IMPACT ON RACIAL JUSTICE
The commercial marijuana industry has created a false dichotomy between legalization and social justice.
Lawmakers can remove criminal penalties, expunge records, and reform enforcement mechanisms without normalizing drug use and opening the door for commercialized marijuana products to be sold in our state.
The promise that legalization would create new economic opportunities for marginalized communities have not come to fruition in any state.
Washington: African-Americans largely left out of WA legal cannabis business
Illinois: Black and Latinx owners are barely a blip on the cannabis revenue radar.

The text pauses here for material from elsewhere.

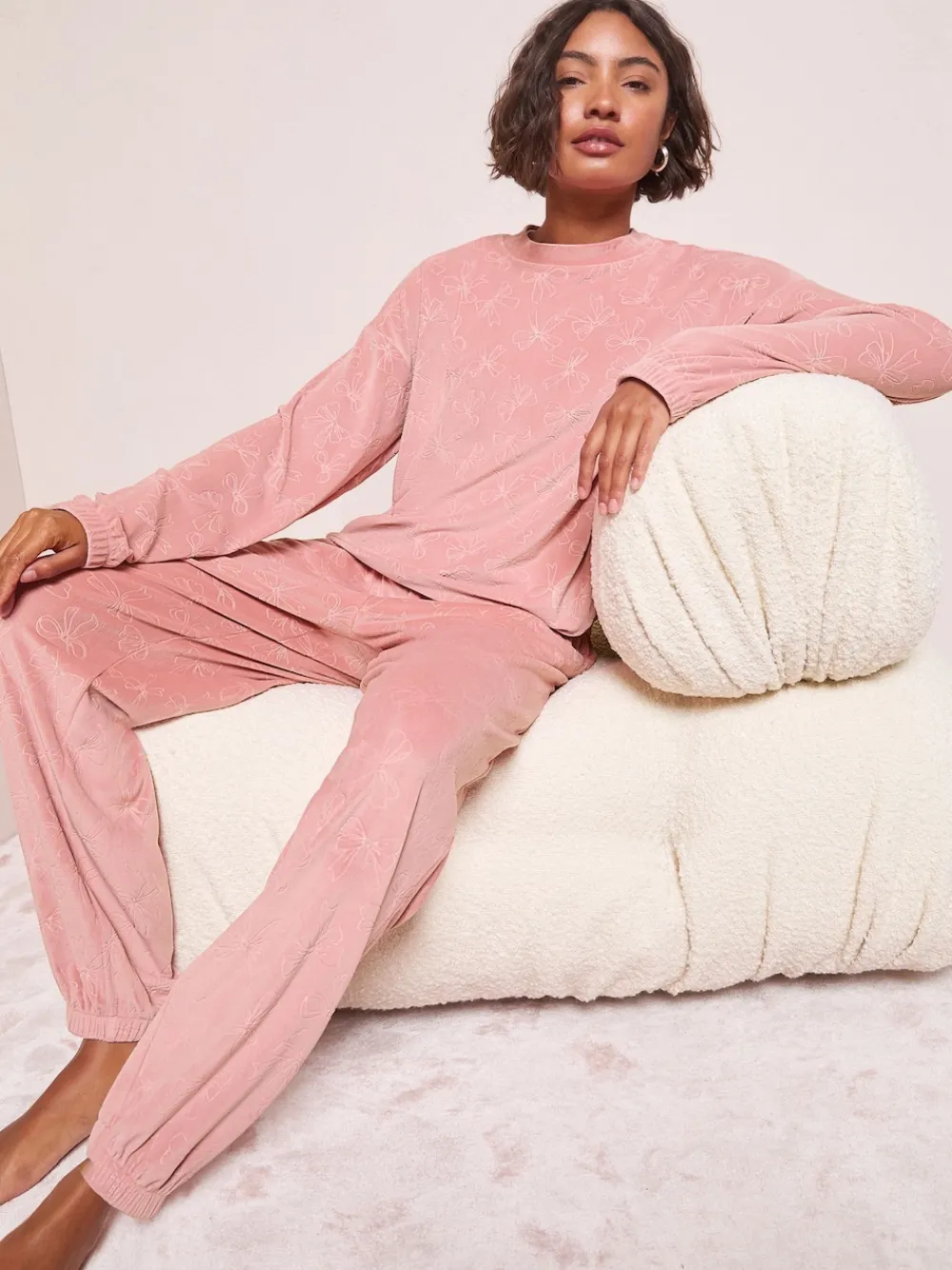 Our bow embossed nightwear set is the perfect blend of comfort and style for your off-duty moments. This cosy two-piece includes a long sleeve top and matching wide leg bottom designed in a soft fabric for a dreamy night’s sleep or lounging in style. Model wears UK size S. 93% Polyester, 7% Elastane.

Legalization has failed to deliver on promises to provide reconciliation to communities that have been harmed by disparate enforcement of marijuana laws.
In Colorado, arrest disparities have not changed in any meaningful way since the state legalized marijuana in 2012. A 2021 analysis produced by the Colorado Department of Public Safety found that the marijuana arrest rate for Black people (160 per 100,000) was more than double that of white people (76 per 100,000) in 2019. Similar disparities persist for juveniles arrested for marijuana-related issues.[i]
A 2016 report by NPR revealed that following legalization, the marijuana arrest rate in Colorado for white 10- to 17-year-olds fell by nearly 10 percent from 2012 to 2014, while arrest rates for Latino and black youths respectively rose more than 20 percent and more than 50 percent.[ii]
Legalization would exacerbate problems with a negative health outcomes and addiction in the black community.
A 2020 study found that adolescent marijuana use among young Blacks in urban communities is associated with future opioid misuse.